Manajer Kampanye Tata Ruang dan Infrastruktur Walhi Nasional, Dwi Sawung, menyebutkan perencanaan PLTU Tanjung Jati A sendiri sebenarnya sudah tak layak dipertahankan. Pada 2022 lalu, PTUN Bandung telah membatalkan izin lingkungan PLTU itu.
Majelis Hakim PTUN Bandung menyatakan batal Surat Keputusan Kepala Badan Penanaman Modal dan Perijinan Terpadu Provinsi Jawa Barat Nomor 660/32/19.1.02.0/BPMPT/2016 tentang Izin Lingkungan Kegiatan Pembangunan PLTU Tanjung Jati A Kapasitas 2 x 660 MW dan Fasilitas Penunjangnya di Desa Pengarengan, Kecamatan Pangenan, Kabupaten Cirebon oleh PT Tanjung Jati Power Company tertanggal 28 Oktober 2016.
Proyek PLTU Tanjung Jati A ini juga ada dalam pusaran suap yang menyeret Bupati Cirebon Periode 2014-2019, Sunjaya Purwadisastra. Ia diduga menerima suap dari General Manager Hyundai Engineering Construction, Herry Jung yang telah ditetapkan sebagai tersangka oleh KPK sejak 15 September 2019.
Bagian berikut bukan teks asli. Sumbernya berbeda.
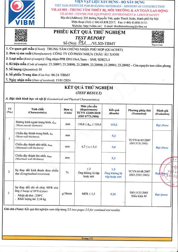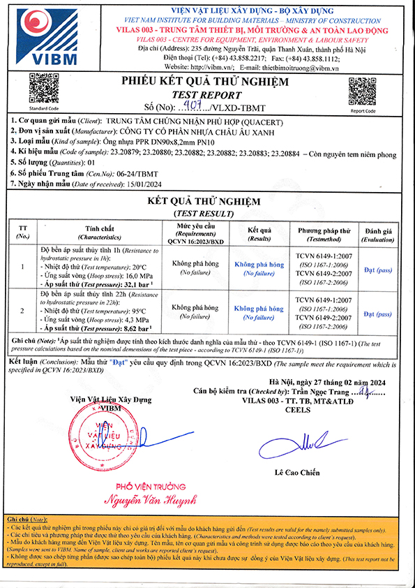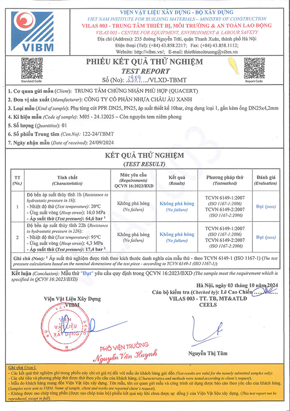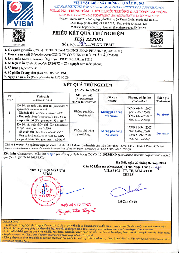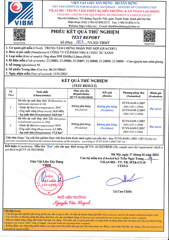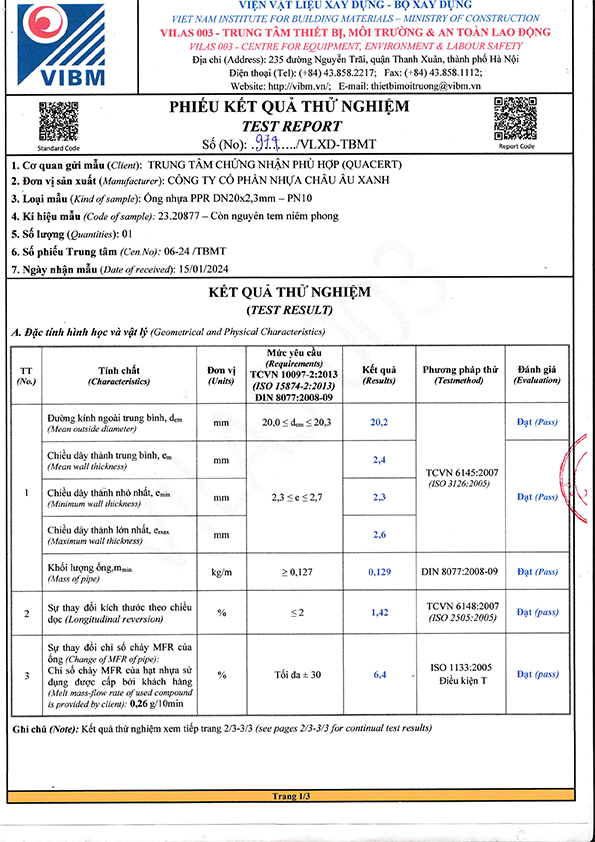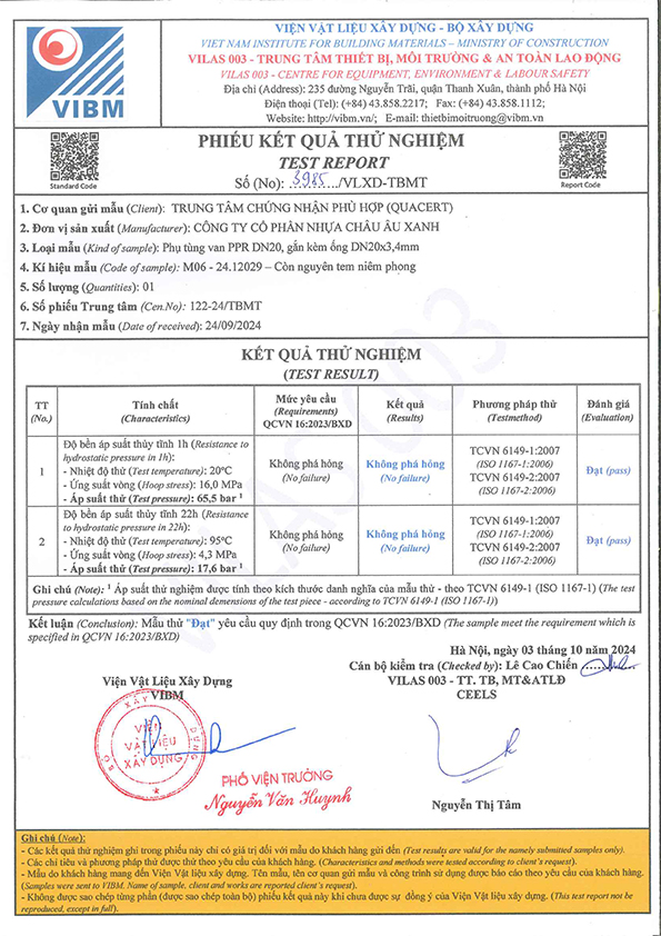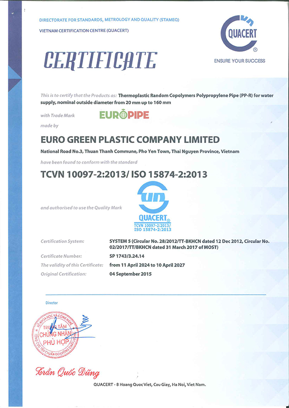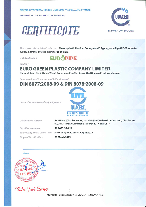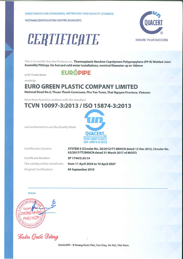 CERTIFICATE OF CONFORMITY PP-R PRODUCTS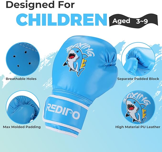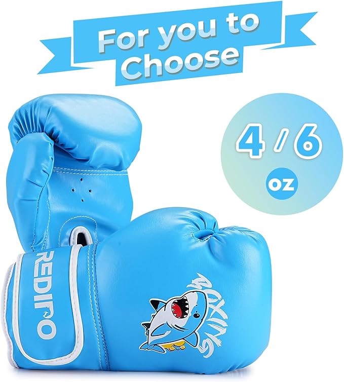 - 【ERGONOMIC DESIGN】-- Ergonomic design with extra-thick protective padding on the knuckles provide ultimate safety in every punch. Redipo 4 & 6 OZ boxing fighting gloves are suitable for kids ages 3-9.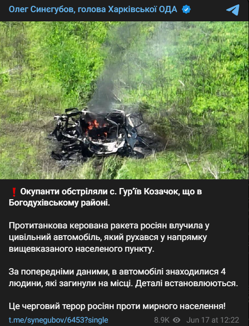 "Противотанковая управляемая ракета россиян попала в гражданский автомобиль, который двигался в направлении вышеуказанного населенного пункта. По предварительным данным, в автомобиле находились 4 человека, погибших на месте. Подробности устанавливаются", - написал Синегубов.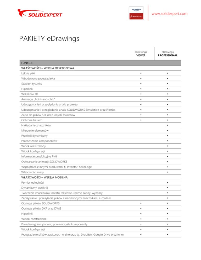 www.solidexpert.com PAKIETY eDrawings eDrawings VIEWER eDrawings PROFESSIONAL • • • • • • • • • • • • • • • • • • • • • • • • • • • • • • FUNKCJE WŁAŚCIWOŚCI – WERSJA DESKTOPOWA Lekkie pliki Wbudowana przeglądarka Szablon rysunku Hiperlinki Wskaźniki 3D Animacje „Point-and-click” Udostępnianie i przeglądanie analiz projektu Udostepnianie i przeglądanie analiz SOLIDWORKS Simulation oraz Plastics Zapis do plików STL oraz innych formatów Ochrona hasłem Nakładanie znaczników Mierzenie elementów Przekrój dynamiczny Przenoszenie komponentów Widok rozstrzelony Widok konfiguracji Informacje produkcyjne PMI Odtwarzanie animacji SOLIDWORKS Współpraca z innymi produktami tj. Inventor, SolidEdge Właściwości masy WŁAŚCIWOŚCI – WERSJA MOBILNA Pomiar odległości Dynamiczny przekrój Tworzenie znaczników: notatki tekstowe, ręczne zapisy, wymiary Zapisywanie i przesyłanie plików z naniesionymi znacznikami e-mailem Obsługa plików SOLIDWORKS Obsługa plików DXF oraz DWG Hiperlinki Widoki rozstrzelone Pokaż/ukryj komponent, przezroczyste komponenty Widok konfiguracji Przeglądanie plików zapisanych w chmurze (tj. DropBox, Google Drive oraz inne) • • • • • • • • • • • • • • • • • •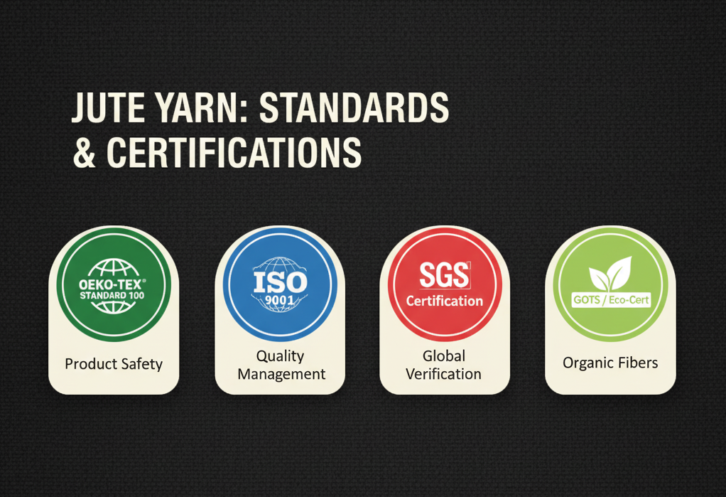 در تجارت بین المللی و صادرات نخ جوت، رعایت استانداردهای جهانی و دریافت گواهینامه های معتبر از اهمیت بالایی برخوردار است. این گواهینامه ها کیفیت محصول را تضمین و اعتماد مشتریان خارجی را جلب می کنند. در ادامه مهمترین استانداردها و گواهینامه ها بیان شده اند.

Herry diduga memberi suap kepada Sunjaya senilai Rp 6,04 miliar terkait dengan perizinan PT Cirebon Energi Prasarana PLTU-2 di Kabupaten Cirebon dari janji awal Rp 10 miliar. Pemberian uang suap diduga diberikan dengan bentuk tunai dan secara bertahap.
“Kabar yang kami dengar, KPK masih terus melakukan proses hukum atas kasus ini,” ucap Sawung.